6. PROPAGANDA DE RUA — MUDA TUDO! Continua proibida a utilização de placas de outdoor (físico ou eletrônico — fixo e móvel) e de qualquer tipo de propaganda fixa em bens públicos, incluindo postes, árvores, placas de sinalização etc.Nos bens particulares, foi proibida a pintura de muros e será permitida apenas a fixação de adesivo ou papel com área máxima de 0,5m². Antes eram permitidas, além das pinturas, faixas e placas com até 4m².

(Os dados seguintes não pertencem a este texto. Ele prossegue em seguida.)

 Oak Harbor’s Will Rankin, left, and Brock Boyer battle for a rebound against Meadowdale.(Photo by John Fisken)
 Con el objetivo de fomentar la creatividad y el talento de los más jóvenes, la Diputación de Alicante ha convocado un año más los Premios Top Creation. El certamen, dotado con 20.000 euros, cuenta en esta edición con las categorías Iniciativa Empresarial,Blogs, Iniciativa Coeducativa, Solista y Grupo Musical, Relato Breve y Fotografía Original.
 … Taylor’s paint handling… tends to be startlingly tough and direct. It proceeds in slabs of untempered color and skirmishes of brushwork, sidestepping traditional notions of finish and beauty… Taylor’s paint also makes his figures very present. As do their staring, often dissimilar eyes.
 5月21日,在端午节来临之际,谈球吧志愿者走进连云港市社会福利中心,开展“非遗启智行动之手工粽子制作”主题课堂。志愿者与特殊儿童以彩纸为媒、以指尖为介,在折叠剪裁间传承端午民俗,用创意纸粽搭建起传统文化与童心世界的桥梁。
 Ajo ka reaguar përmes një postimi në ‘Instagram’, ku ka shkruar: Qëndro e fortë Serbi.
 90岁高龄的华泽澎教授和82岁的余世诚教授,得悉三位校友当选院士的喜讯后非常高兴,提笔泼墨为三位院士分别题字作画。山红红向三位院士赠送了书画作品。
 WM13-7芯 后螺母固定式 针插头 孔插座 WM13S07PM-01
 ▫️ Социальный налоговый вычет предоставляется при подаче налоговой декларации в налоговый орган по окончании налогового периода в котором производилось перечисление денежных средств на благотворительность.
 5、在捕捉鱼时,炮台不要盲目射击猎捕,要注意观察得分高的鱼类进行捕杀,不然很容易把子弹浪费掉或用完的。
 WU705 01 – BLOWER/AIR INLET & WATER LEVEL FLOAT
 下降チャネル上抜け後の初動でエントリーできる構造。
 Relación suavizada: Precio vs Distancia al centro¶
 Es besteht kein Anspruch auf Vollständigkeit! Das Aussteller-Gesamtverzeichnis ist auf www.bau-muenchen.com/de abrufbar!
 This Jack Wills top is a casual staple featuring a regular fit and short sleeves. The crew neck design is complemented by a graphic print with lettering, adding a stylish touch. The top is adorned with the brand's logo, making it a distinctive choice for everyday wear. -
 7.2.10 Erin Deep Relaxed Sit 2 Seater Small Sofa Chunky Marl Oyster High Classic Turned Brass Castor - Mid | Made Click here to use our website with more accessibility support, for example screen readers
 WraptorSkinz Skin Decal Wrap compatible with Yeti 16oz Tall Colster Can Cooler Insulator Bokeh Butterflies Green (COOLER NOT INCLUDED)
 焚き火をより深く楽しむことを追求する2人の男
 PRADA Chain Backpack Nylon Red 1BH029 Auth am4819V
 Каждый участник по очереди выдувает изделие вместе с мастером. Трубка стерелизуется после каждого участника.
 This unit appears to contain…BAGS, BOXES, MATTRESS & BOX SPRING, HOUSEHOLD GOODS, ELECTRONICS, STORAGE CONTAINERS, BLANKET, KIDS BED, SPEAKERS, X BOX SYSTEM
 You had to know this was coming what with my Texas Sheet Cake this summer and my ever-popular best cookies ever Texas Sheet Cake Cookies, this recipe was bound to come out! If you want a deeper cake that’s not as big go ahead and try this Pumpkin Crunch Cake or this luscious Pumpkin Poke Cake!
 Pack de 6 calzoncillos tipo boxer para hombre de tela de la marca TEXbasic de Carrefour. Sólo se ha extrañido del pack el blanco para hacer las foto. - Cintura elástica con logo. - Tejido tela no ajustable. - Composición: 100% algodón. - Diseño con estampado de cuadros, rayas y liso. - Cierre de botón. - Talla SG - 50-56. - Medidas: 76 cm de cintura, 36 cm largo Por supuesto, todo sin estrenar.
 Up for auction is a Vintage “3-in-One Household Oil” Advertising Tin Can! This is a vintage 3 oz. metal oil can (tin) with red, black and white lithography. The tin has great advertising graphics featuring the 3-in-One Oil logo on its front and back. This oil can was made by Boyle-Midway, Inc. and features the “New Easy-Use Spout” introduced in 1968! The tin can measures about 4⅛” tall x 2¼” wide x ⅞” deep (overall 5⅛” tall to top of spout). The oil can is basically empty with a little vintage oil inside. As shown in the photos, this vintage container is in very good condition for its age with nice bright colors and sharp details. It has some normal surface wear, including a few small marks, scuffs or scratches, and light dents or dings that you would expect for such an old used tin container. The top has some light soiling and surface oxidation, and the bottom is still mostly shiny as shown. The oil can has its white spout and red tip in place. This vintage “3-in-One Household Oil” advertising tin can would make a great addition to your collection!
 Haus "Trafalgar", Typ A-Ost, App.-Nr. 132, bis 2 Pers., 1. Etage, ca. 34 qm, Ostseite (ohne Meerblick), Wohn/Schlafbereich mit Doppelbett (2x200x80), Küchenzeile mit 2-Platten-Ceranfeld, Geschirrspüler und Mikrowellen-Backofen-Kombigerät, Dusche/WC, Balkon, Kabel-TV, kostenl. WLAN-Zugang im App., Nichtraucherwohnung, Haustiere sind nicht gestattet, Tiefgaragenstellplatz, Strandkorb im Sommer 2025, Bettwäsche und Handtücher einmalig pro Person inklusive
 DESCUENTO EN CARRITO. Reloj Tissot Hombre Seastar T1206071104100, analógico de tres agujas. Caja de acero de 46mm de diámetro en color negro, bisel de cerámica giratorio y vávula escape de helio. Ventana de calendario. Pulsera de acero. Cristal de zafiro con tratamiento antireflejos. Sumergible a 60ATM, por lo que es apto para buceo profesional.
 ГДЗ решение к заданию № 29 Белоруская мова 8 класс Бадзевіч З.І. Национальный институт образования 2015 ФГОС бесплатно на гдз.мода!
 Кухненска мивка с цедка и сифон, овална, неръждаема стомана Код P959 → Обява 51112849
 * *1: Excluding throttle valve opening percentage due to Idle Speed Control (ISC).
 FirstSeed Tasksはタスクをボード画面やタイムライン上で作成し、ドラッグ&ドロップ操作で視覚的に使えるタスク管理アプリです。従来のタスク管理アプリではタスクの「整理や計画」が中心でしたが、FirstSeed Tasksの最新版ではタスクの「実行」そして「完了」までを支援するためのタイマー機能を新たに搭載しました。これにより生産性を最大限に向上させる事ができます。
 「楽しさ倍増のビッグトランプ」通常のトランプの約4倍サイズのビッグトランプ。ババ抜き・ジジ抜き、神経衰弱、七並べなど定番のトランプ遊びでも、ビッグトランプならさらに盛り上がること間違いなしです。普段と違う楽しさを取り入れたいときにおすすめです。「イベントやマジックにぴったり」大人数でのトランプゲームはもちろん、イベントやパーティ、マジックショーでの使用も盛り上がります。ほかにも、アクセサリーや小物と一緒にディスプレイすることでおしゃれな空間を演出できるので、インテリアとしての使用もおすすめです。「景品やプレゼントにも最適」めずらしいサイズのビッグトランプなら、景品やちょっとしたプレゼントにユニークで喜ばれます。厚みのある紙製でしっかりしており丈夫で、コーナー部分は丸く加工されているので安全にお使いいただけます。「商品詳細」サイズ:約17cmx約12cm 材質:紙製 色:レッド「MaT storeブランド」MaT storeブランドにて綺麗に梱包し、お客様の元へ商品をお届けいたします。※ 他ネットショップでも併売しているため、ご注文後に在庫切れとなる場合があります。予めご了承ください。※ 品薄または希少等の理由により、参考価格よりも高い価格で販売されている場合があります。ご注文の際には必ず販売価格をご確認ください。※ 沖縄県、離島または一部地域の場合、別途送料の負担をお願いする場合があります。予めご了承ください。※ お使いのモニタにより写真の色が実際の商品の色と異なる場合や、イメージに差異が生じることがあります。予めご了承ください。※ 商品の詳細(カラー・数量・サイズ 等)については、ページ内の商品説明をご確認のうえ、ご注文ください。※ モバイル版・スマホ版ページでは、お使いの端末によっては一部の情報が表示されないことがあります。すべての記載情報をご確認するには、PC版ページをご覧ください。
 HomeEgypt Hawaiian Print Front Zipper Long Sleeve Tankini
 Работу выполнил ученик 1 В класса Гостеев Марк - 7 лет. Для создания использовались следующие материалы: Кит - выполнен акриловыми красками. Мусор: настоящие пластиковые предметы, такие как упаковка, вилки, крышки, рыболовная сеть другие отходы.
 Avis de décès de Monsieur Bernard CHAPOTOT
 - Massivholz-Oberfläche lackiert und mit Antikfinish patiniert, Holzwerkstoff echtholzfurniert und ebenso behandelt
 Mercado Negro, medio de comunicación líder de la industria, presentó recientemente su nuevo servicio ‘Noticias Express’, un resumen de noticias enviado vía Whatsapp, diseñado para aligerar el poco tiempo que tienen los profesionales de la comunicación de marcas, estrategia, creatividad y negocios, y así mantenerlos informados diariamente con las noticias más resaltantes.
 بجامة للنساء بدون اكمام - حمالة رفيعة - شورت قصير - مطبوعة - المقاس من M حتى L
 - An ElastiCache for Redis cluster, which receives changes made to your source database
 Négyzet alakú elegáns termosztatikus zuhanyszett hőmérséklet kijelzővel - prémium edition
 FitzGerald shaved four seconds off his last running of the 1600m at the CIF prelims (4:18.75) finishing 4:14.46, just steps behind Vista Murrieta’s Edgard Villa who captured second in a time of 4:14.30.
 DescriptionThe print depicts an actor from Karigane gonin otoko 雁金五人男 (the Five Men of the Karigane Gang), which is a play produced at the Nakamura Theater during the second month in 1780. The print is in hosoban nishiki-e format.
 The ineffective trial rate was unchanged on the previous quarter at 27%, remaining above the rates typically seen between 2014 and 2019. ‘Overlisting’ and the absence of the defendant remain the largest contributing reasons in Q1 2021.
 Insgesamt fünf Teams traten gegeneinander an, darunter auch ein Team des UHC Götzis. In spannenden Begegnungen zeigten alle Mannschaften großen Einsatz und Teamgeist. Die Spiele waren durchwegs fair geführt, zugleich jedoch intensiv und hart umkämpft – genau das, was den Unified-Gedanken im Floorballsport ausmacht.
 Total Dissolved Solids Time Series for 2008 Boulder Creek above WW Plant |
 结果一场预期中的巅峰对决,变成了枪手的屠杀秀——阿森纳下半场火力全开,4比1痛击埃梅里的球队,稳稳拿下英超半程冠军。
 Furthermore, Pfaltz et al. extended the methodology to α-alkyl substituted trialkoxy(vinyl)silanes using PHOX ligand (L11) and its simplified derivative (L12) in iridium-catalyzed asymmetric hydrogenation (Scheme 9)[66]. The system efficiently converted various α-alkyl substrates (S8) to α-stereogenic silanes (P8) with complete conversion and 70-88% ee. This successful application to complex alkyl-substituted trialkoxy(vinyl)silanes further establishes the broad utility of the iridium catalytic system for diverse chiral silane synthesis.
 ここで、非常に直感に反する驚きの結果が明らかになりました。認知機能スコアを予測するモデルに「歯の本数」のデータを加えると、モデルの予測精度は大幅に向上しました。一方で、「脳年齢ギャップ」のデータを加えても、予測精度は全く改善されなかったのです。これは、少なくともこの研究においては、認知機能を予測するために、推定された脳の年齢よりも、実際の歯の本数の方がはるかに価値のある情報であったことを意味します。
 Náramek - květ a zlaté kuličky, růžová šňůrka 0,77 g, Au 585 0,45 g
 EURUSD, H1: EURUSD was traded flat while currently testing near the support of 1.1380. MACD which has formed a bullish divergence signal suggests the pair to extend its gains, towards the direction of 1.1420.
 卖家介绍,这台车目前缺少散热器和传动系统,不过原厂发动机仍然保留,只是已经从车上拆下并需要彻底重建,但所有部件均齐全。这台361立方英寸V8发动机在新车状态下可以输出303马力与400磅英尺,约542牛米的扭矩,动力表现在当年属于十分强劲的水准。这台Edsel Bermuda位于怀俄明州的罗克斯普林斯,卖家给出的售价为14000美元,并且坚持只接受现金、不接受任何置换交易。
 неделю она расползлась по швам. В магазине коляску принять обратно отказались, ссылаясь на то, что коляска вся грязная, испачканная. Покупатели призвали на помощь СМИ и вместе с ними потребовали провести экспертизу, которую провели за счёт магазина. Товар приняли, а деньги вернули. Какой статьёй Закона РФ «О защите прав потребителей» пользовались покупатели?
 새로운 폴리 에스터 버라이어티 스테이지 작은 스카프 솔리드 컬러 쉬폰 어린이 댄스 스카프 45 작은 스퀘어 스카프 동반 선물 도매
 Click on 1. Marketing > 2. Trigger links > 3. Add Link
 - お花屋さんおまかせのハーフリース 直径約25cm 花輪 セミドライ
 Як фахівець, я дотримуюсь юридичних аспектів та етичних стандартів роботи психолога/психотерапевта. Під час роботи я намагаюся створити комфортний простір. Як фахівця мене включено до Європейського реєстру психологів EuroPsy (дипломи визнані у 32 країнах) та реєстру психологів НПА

Nos automóveis, só serão permitidos adesivos com dimensão máxima de 50x40cm (um por candidato, por veículo) e adesivos microperfurados até a extensão total do para-brisa traseiro.Os trios elétricos também estão proibidos, exceto para sonorização de comícios, e qualquer veículo (carro, moto, bicicleta e até carroça de tração animal) agora será considerado “carro de som”, bastando para isso que transite divulgando jingles ou mensagens de candidatos.

7. INTERNET — QUEM NÃO UTILIZA, SE TRUMBICA! As modificações na legislação permitem aos pré-candidatos qualquer tipo de divulgação de posicionamento sobre questões políticas, inclusive nas REDES SOCIAIS. Na prática, liberou geral! Desde que não se apresente como candidato e não peça votos, qualquer pré-candidato pode utilizar livremente as mídias sociais para divulgar suas ideias e ações, utilizando, inclusive, todas as estratégias profissionais de produção e gestão de conteúdo, monitoramento, métricas, SEO e outras técnicas que multiplicam o alcance do conteúdo e o engajamento do público. Quem não estiver usando essas ferramentas já tá atrasado e quem não utilizar de maneira profissional está correndo grandes riscos.

8. GASTOS DE CAMPANHA — ARROCHOU GERAL! Nas próximas eleições o limite para gastos por parte de partidos e coligações será estabelecido a partir do que foi declarado nas eleições anteriores. Para Prefeito, no primeiro turno, o valor máximo será de 70% do maior valor declarado na campanha anterior, para as cidades onde houve apenas um turno, e 50% para as cidades onde houve dois turnos.Em caso de segundo turno, cada candidato só poderá gastar, no máximo, 30% do maior valor declarado na eleição anterior.Para as cidades com até 10 mil eleitores, independente da norma, valem os limites de R$ 100 mil para gastos por candidatos a prefeito e de R$ 10 mil para os candidatos a vereador.

9. DEBATES — CLUBE DOS NOVE! Nos debates realizados durante o período eleitoral, será assegurada a participação dos candidatos com representação superior a nove deputados federais. Para os demais, caberá ao veículo decidir se permite ou não sua participação. Antes, bastava ter um deputado federal para que a participação fosse obrigatória.Estas são as principais mudanças definidas para as eleições 2016, constantes da Lei 9.504, de 1997, com todas as mudanças incluídas até a promulgação da Lei 13.165, de 2015, denominada de minirreforma eleitoral.

Até o próximo dia 05 de março o TSE deverá expedir todas as instruções necessárias para a execução da lei, a partir daí não sendo permitida mais nenhuma alteração na legislação vigente para as Eleições 2016.